Carlos stands there for a second, wondering exactly how screwed he is.

\----- 

Steve Carlsberg does go and try to hit on Hannah White. Carlos watches him talking to the volleyball captain, and waits for a minute before making his way over to Cecil's tent. Lucas is already asleep in their tent, and Carlos would be, too, except—Cecil asked him to come.

Cecil's tent is nearby, set weirdly apart. Everyone else pitched theirs in neat rows, but Cecil is a little ways off, just next to a small, clear stream.

There's no way to knock on a tent. Carlos just grits his teeth and unzips the front flap. Cecil is inside, sitting cross-legged on the ground.

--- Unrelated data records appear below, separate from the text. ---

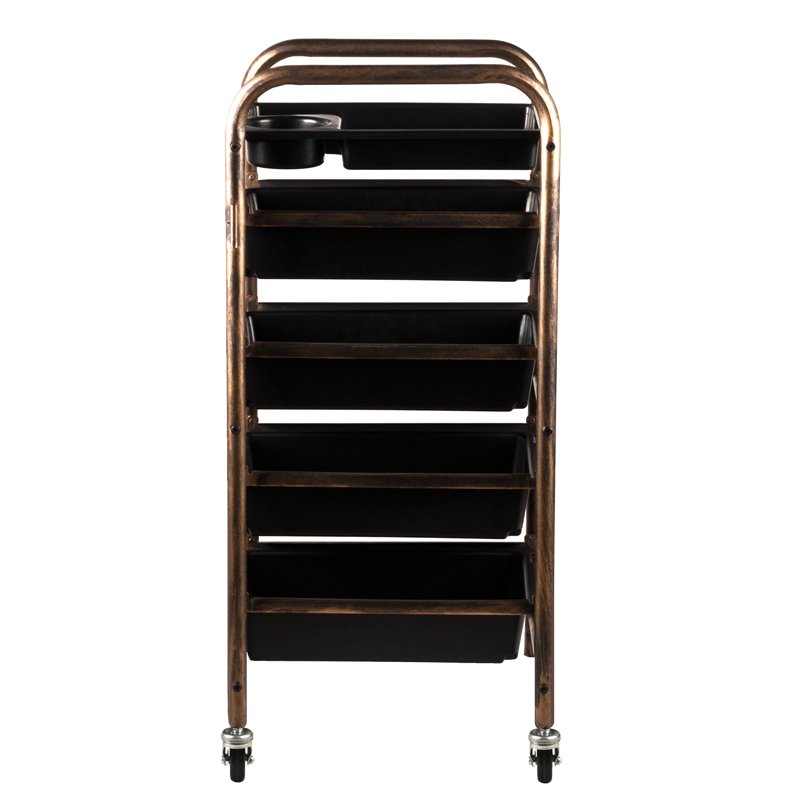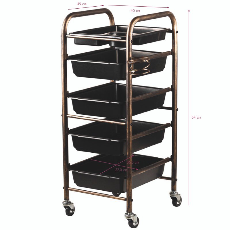 Βοηθός κομμωτή δύο όψεων σε παλιοχρυσό χρώμα, με 4 αμμολεκάνες και θήκες για είδη κομμωτικής. Η σταθερή κατασκευή εξασφαλίζει μακροχρόνια χρήση. Τραπέζι τοποθετημένο σε ελαστικούς τροχούς, χάρη στους οποίους τα εργαλεία θα είναι πάντα πρόχειρα.
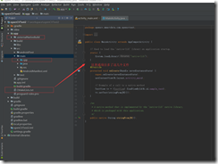 现在就可以在src/main/java/*/MainActivity.java中按照同样的方法,载入库,写上方法声明。最后,如下所示。
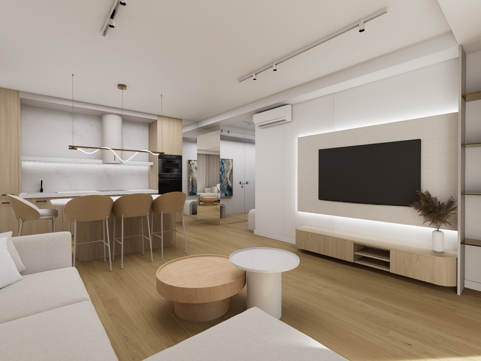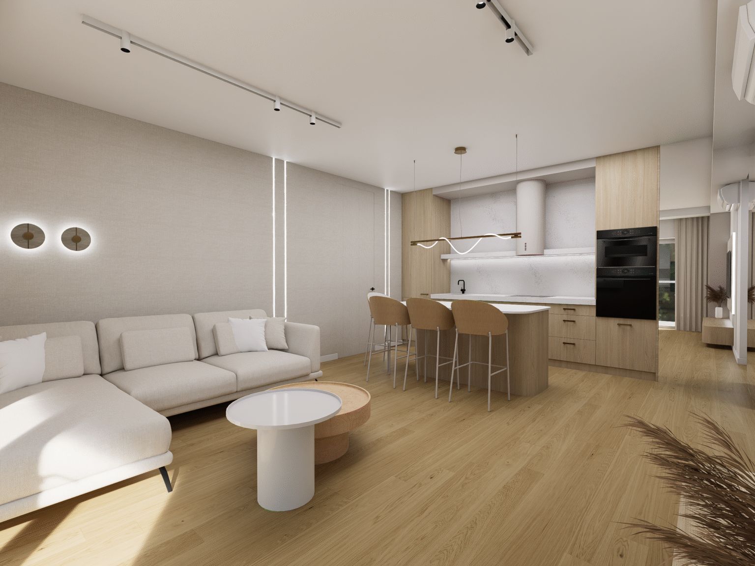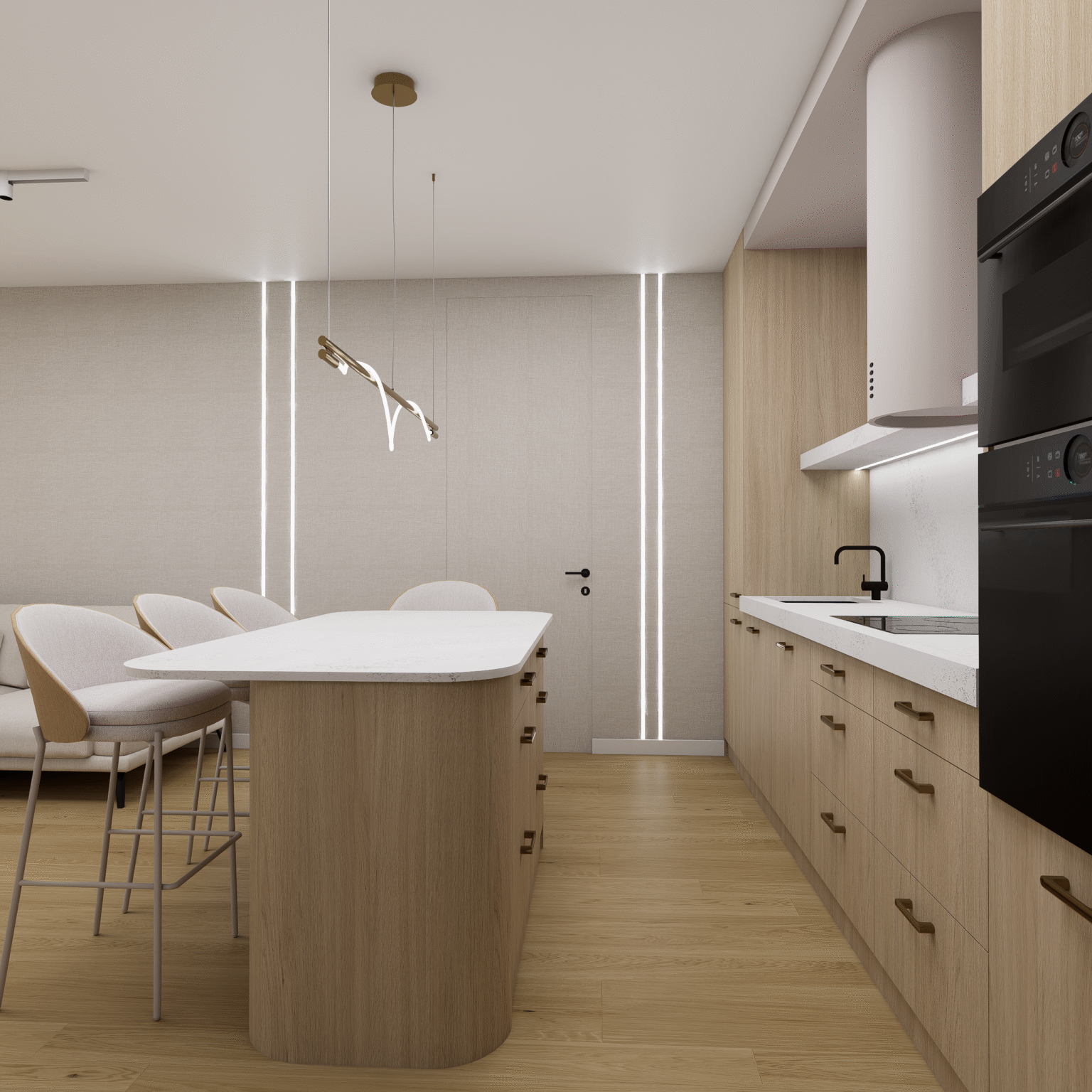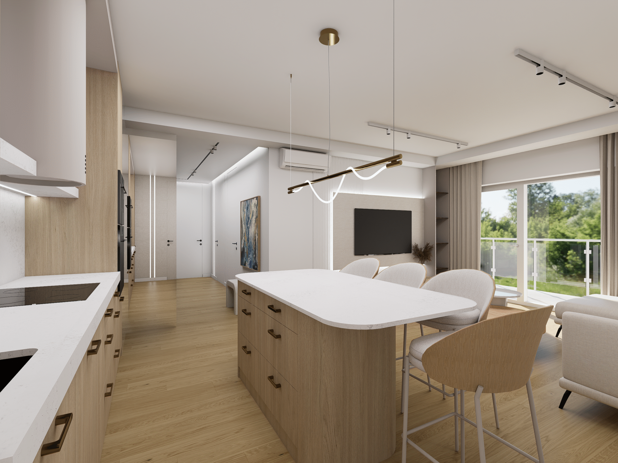 subtelnym „śladem” przewijającym się przez wszystkie strefy mieszkania. Celem było stworzenie wnętrza eleganckiego, ale nie przytłaczającego — miejsca, które emanuje ciepłem, klasą i ponadczasowym stylem. Salon z aneksem kuchennym to serce mieszkania. Jasna, neutralna baza kolorystyczna (biel, ciepłe beże, jasny dąb) została przełamana złotymi akcentami w postaci lamp, uchwytów meblowych oraz detali wykończeniowych. Sofa, której tkanina przeplata w sobie kilka odcieni beżu i bieli, lekko mieniące się zasłony i aksamitne poduszki nadają przestrzeni elegancji. Kuchnia to połączenie drewnianych frontów z białymi blatami z konglomeratu z delikatnym, unikatowym szaro-czarnym wzorem. W sypialni króluje spokój i harmonia. Centralnym punktem jest łóżko z tapicerowanym zagłówkiem do sufitu w kolorze taupe, z pionowym przeszyciem w stylu art déco. Po obu stronach – kinkiety z czarnego przydymionego szkła o organicznych kształtach. Całość dopełnia delikatna tapeta o fakturze lnu i teksturalny obraz na ścianie. Szafa wnękowa z lustrzanymi grafitowymi drzwiami powiększa optycznie przestrzeń, a złote uchwyty utrzymują spójność stylistyczną z resztą wnętrza. Projekt „Golden Trace” to hołd dla elegancji w nowoczesnym wydaniu. Złote akcenty są tutaj niczym biżuteria — nie dominują, ale podkreślają charakter wnętrza. Mieszkanie zostało zaprojektowane z myślą o osobach ceniących wyrafinowaną estetykę, komfort oraz detale, które tworzą całość.

“I talked to my mom,” Cecil says once Carlos is inside, with the flap zipped up behind him. He's whispering. Carlos sits down and scoots close, so he can hear.

Cecil is wearing plaid pajama bottoms and a shirt that says Night Vale Scorpions. His arms are very skinny, frailer than they seem in regular clothes.

“What did she say?” Carlos asks.

Cecil grimaces, and says, “She said she has no idea who Kevin is. But she—Carlos, I think she was lying. My mom never lies to me.”

“So why do you think she is now?” Carlos used to think that his dad never lied to him, but then the whole reveal of the secret government agency happened. They've been getting better about it.

“Just a feeling,” Cecil says, shrugging unhappily. Carlos could put his hand down, cover Cecil's, comfort him. But that isn't something that people do when they'd rather keep talking to their crushes instead of being humiliated.

“Could you ask your dad?” Carlos isn't sure if Cecil has a father, honestly. He doesn't live with the Palmers if he exists. But it's worth a shot.

“Father got taken by the Sheriff's Secret Police when I was a baby,” Cecil says, with a hint of pride. “We think he might be among them, now.”

“Oh.” Carlos doesn't know what to say, except, “My parents split up a few years ago.”

“I'm sorry,” Cecil says. Then he says, “You're not like other people, Carlos. Not at all.”

As if Cecil isn't the one who's different, and strange, and maybe spectacular. As if he doesn't understand that at all.

And that's when Carlos loses his mind, because he grabs Cecil by the shoulders and kisses him. He's halfway through the motion when he starts panicking, before their lips even meet. He's about to pull away when Cecil puts his hands on Carlos's waist, kisses him back.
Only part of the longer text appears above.